On being … not just alone with my thoughts

by Ingrid Sapona

One of my favourite movies is What Women Want, with Mel Gibson and Helen Hunt. Like most women, I could instantly relate to it. After all, the notion of “self-talk” – that internal monologue that so many of us seem to have running through our head every waking moment –is a well-documented phenomenon. (You can even find information about it in Wikipedia.) Self-talk isn’t what I’m writing about here though.

The topic for today’s column came to me the other day when I saw the new Robert Redford movie All is Lost. It’s about a man (Redford) sailing alone in the Indian Ocean. His troubles start when his boat hits a shipping container that’s fallen off a cargo ship. The container punctures a hole in the side of his boat a bit above the water line.
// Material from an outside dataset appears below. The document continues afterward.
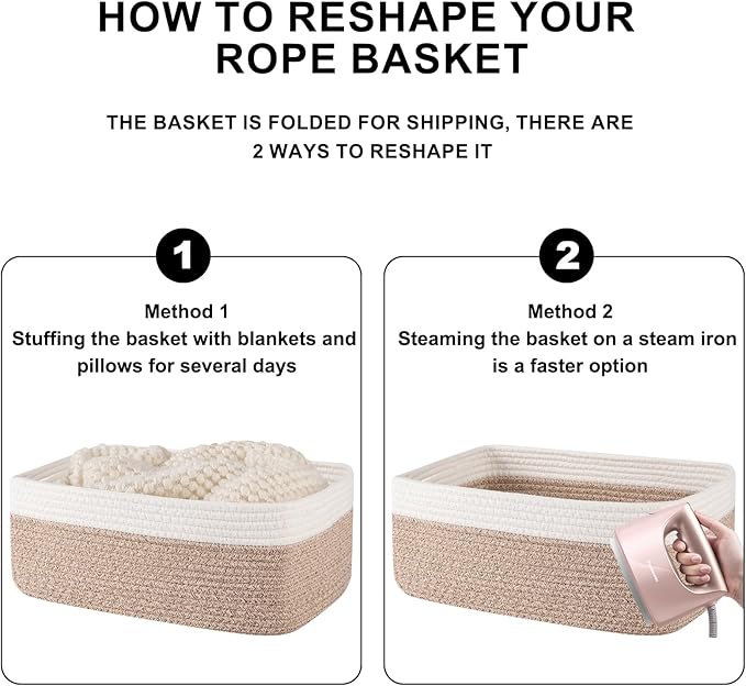 • Note: OIASKET gift baskets arrive folded. Upon receiving the basket, we recommend you first stuff the basket with clothes or towels to regain its shape. for quicker shaping, conside using a steam iron. Washable:These organizer baskets can be washed by hand or machine with gentle detergent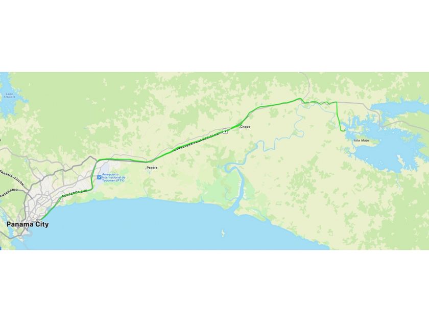 Location: The property is located 5 km (3 miles) on a paved road off the Interamerican Highway EAST of the town of Cañita, approximately 60 km (36 miles) from Tocumen International Airport (PTY) and 75 km (45 miles) from Panama City proper.

All the reviews I had read mentioned that during the whole movie, Redford says only a couple dozen lines. In fact, nearly all the lines are part of a voice-over at the very beginning of the film. In the voice-over he’s re-reading the last entry he’s written in his ship’s log. Clearly, the dramatic reason for the voice-over is to make viewers wonder who the entry is intended for, who he has left behind in taking this journey, and so on. About the only other time he speaks in the film is when he tries to radio an SOS call and when he tries to get the attention of a loud cargo ship that’s streaming by. (Oh, and once, just once, out of sheer desperation he does say – actually, it’s more of a scream – the f word.)

As I was watching the movie, I understood that the whole no talking thing was a dramatic device, but I found it really odd that Redford (or should I say, the character he was portraying) didn’t talk to himself at all. Not a mumble, not a murmur, not even so much as a sigh – other than the one swear word.

I first realized how unnatural his silence seemed to me in the scene where he attempts to radio the SOS. The scene is quite dramatic because it unfolds over a series of actions that start with him lugging the heavy marine battery up on the deck from below. The VHS radio is also up on the deck – he brought it up in hopes the sun would dry it out.

As he carefully attaches the first lead from the radio to the battery terminal I suddenly felt as though it was me attaching the radio and as I was mentally going through the motions, I found myself (silently) mumbling: Please work, please work, please work. I repeated this mantra silently only because I was in a packed theatre. Had I been alone, trust me, it wouldn’t have been some form of self-talk – it would have been clearly audible.

Many times during the movie I felt almost transported into the action. And, whenever that happened, I also inevitably noticed myself (silently) saying something – whether I was imploring some line to hold fast, or reminding myself to close the cabin hatch, or sometimes just letting out the odd “whew” when something went right. And every time I suppressed a word or sigh (so as not to bother those around me in the theatre), I just couldn’t believe that Redford didn’t utter a sound.

I saw the movie with a friend who’s also a sailor and afterwards I mentioned that I found it hard to believe that a guy all alone wouldn’t be talking to himself as he did things. My friend said the only thing he found odd was that the guy didn’t swear more out of exasperation. Not sure if my friend’s comment was just in jest, I explained that the character’s silence made me feel oddly self-conscious about how much I talk to myself when I’m alone.

I was sure that after more fully explaining what I meant and giving him an example, my friend would say, “Oh, yeah – I guess I do that too”. But instead, he thought about it and said, “No, I don’t really talk out loud to myself – other than the occasional swear word …” I let it go at that, but since the movie, I’ve thought about it a lot.

I can’t help wonder whether it’s particularly uncommon to talk out loud when there’s no one else there to hear you. I’ve also wondered whether doing so might be more common for those of us who spend more time alone. Is it some sort of need to hear a human voice every now and then?  (If that’s the case, then surely a guy alone for days on end in a boat in the middle of a big, lonely ocean would have felt compelled to utter a few words out loud.) Or is talking to yourself out loud just a quirky habit?

Don’t worry – I don’t think I’m going crazy or anything. (Besides, there’s that old saying that there’s nothing wrong with talking to yourself out loud – it’s only when you start to answer yourself that you have to worry.) But I do wonder whether others talk to themselves out loud much. What about you? What do you hear when you’re alone?